One big reason for requiring comments being updates the same time as what is commented. I once managed to do that for a while when I alone was making and maintaining a project.

It becomes harder, the more people are working on a project and the larger the project gets.

But the alternative would lead to Java-like function-etc names and that is not very desirable either.

[–] towerful@programming.dev 8 points 3 days ago* (last edited 3 days ago) (7 children)

I feel like variable or function names that become overly verbose indicate that a specific type or a separate class should be considered.
I see it as a mild code smell.

Something like int intervalSeconds = 5 could maybe have a type that extends an int called seconds. So then you are declaring seconds Interval = 5.
It describes the unit, so the variable name just describes the purpose.
You could even add methods for fromMinutes etc. to reduce a bunch of (obvious) magic numbers elsewhere.

To extend this contrived example further, perhaps there are a couple of intervals. A refresh, a timeout and a sleep interval.
Instead of having.

int sleepIntervalSeconds = 0;
// etc...

You could create an intervals class/object/whatever.
So then you have.

public class Intervals {
    public seconds Sleep
    public seconds Refresh
    public seconds Timeout
}

The class/object defines the context, the type defines the unit, and you get nice variable names describing the purpose.

[–] thingsiplay@beehaw.org 10 points 3 days ago (2 children)

But this can lead to over engineering simple stuff.
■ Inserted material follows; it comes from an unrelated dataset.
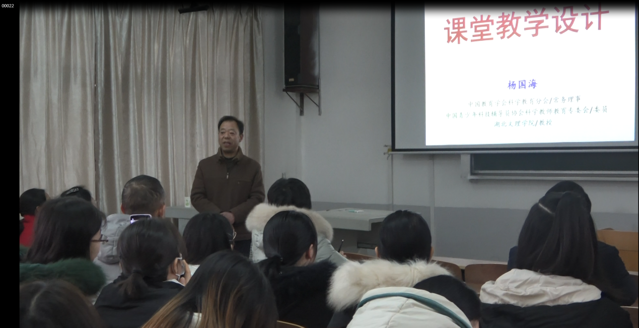 课堂教学能力提升专题讲座----《课堂教学设计》由湖北文理学院物理与电子工程学院杨国海教授主讲。杨国海教授专门从事基础教育课程、教学与评价和科学与技术教育的研究。杨教授主要围绕课堂教学的意涵、教学设计的理论基础、教学设计程序以及课堂教学方案的编写四个方面阐述了课堂教学设计。

Which makes the code harder to read and maintain and more error prone. Especially if you don't need all the other stuff for the class. Worse, if you define a class then you also tend to add more stuff you don't use, just in case it might be useful.
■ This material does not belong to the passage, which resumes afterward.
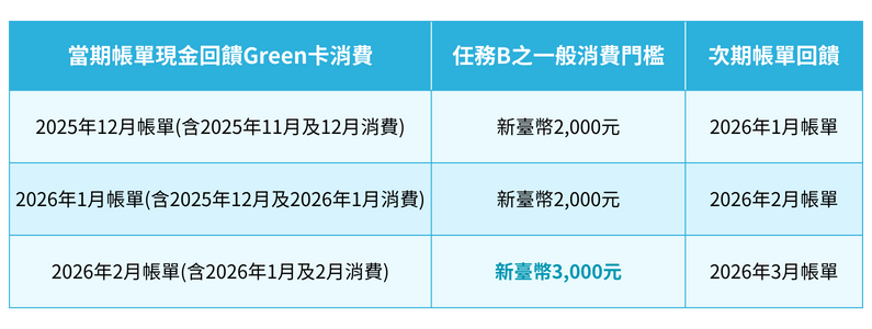 *任務B:當期帳單之現金回饋Green卡新增一般消費滿新臺幣3,000元(含)以上

A simple variable name is sometimes the better solution. But it depends on the situation off course. Sometimes a new class make things more clear, as it abstracts some complexity away. Yeah, we need to find a balance and that is different for every program.

[–] TehPers@beehaw.org 3 points 2 days ago

This depends. Many languages support 1 liner aliases, whether that's using/typedef in C++, type in Rust, Python, and TS, etc.

In other languages, it may be more difficult and not worth it, though this particular example should just use a duration type instead.